→ Your goal: Retype exactly what appears below from the line containing "Women's Vintage Polka" down to the line containing "На просторном и", keeping both end lines. Do not include pictures.

Start of Source information

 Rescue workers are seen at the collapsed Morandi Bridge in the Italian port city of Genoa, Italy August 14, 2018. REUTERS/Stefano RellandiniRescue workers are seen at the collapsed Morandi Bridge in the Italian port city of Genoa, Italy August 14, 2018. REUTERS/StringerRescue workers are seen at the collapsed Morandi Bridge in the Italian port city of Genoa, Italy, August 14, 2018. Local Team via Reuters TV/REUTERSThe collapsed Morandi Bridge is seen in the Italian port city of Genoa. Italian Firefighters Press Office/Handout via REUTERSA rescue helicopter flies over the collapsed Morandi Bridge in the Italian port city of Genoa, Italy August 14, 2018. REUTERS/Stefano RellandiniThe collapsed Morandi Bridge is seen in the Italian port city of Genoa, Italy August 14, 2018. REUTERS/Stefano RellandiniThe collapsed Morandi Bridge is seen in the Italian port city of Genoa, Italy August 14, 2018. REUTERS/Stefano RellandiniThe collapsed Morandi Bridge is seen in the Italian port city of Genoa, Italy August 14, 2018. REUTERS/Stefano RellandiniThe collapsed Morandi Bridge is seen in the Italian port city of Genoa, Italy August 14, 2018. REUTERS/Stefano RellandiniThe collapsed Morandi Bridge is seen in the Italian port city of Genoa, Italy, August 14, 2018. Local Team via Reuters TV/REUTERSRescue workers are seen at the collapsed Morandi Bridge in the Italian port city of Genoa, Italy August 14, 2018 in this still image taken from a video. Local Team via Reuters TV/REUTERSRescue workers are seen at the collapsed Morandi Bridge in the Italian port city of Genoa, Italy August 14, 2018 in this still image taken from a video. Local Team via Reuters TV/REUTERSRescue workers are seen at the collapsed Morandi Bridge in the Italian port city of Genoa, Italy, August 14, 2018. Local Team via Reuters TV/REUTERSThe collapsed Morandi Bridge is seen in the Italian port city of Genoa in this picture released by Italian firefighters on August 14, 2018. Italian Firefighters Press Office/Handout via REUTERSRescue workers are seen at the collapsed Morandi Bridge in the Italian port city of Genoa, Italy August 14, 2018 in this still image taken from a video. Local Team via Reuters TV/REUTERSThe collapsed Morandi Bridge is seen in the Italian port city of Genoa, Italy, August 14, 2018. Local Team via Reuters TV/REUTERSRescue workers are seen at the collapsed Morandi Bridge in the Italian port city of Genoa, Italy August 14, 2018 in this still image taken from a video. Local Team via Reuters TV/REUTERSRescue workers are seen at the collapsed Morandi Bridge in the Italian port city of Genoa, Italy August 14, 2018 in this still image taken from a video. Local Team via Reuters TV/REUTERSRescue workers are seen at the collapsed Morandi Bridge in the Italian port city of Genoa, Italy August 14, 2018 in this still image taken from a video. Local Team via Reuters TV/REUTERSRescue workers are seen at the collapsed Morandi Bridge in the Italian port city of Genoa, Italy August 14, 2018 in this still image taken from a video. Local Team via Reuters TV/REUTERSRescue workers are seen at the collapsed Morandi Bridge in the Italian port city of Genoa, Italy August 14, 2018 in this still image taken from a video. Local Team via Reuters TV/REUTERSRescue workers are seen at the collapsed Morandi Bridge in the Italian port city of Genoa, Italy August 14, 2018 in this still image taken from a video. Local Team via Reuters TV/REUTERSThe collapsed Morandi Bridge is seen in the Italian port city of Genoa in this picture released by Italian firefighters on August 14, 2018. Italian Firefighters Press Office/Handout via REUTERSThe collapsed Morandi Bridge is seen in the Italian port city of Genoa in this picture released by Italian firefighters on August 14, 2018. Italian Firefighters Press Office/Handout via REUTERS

End of Source information
Start of Source information

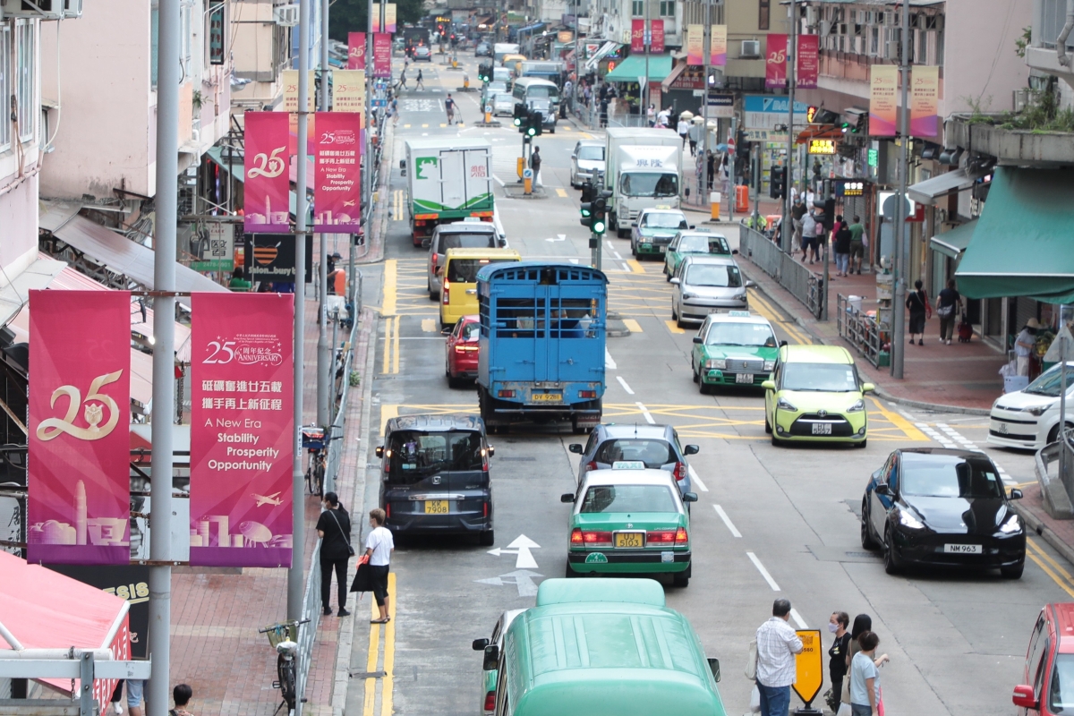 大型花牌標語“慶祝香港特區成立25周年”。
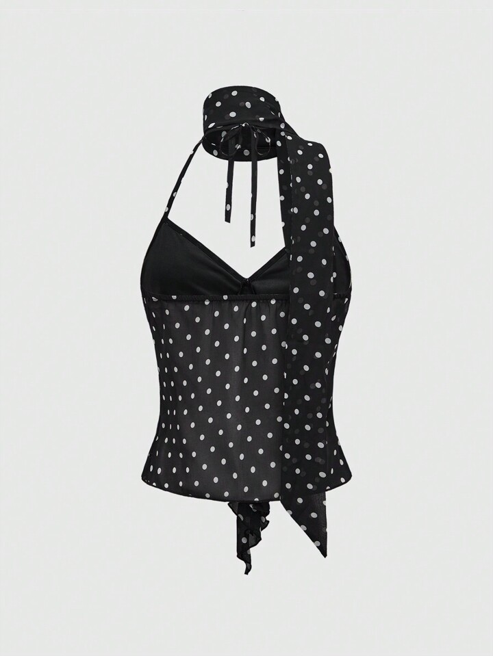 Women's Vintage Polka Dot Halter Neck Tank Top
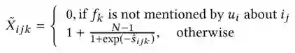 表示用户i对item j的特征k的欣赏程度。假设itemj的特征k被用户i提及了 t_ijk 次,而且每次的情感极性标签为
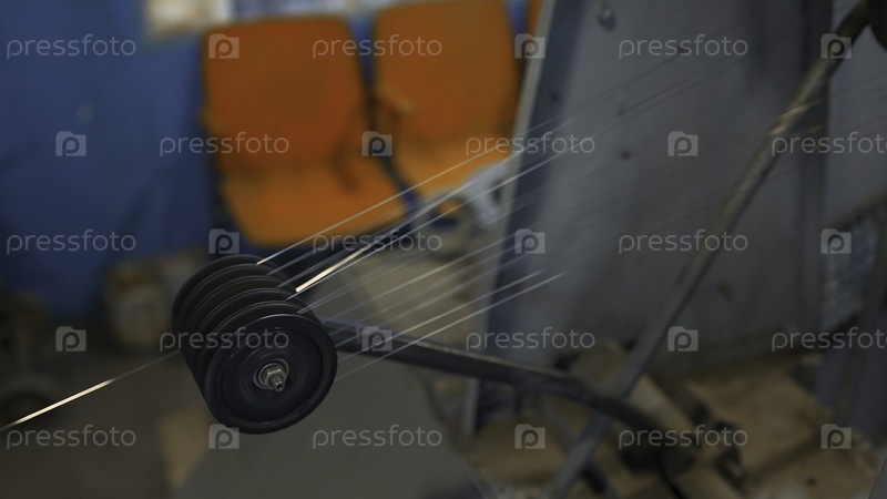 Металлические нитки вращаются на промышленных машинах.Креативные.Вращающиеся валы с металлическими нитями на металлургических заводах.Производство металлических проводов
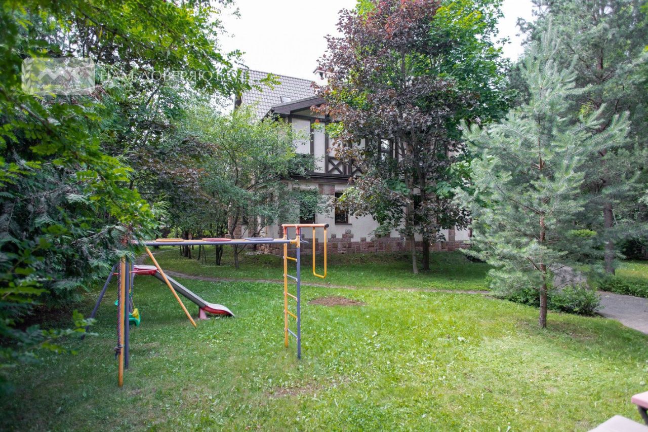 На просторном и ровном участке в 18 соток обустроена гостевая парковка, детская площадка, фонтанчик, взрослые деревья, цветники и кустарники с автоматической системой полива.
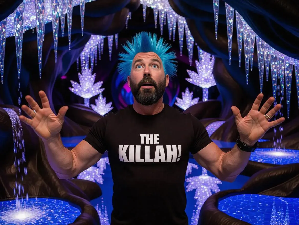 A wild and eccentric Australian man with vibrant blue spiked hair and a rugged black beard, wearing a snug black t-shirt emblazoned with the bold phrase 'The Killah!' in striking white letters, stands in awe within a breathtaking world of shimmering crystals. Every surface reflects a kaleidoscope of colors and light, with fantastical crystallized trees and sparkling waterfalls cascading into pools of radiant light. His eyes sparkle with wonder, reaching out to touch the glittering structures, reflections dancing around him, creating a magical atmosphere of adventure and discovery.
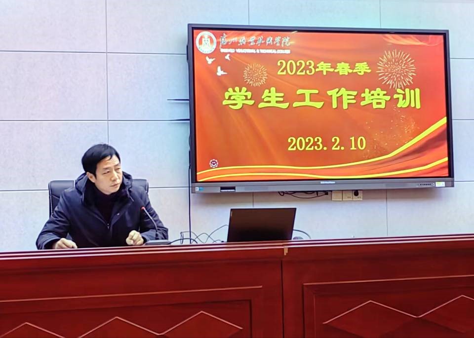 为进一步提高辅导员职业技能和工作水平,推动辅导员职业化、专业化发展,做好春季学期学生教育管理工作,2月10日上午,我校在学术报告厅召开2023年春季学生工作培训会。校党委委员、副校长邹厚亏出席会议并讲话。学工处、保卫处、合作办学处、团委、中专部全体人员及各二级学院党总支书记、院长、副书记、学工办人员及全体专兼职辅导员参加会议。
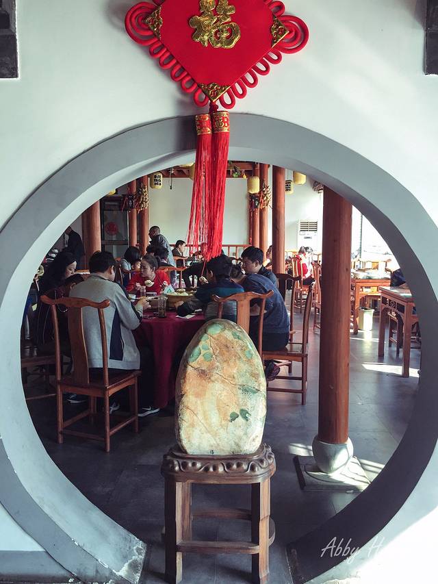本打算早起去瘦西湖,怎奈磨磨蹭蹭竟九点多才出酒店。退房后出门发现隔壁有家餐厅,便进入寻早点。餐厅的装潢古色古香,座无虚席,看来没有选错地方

End of Source information

→ Response for this exercise:
 Women's Vintage Polka Dot Halter Neck Tank Top
 表示用户i对item j的特征k的欣赏程度。假设itemj的特征k被用户i提及了 t_ijk 次,而且每次的情感极性标签为
 Металлические нитки вращаются на промышленных машинах.Креативные.Вращающиеся валы с металлическими нитями на металлургических заводах.Производство металлических проводов
 На просторном и ровном участке в 18 соток обустроена гостевая парковка, детская площадка, фонтанчик, взрослые деревья, цветники и кустарники с автоматической системой полива.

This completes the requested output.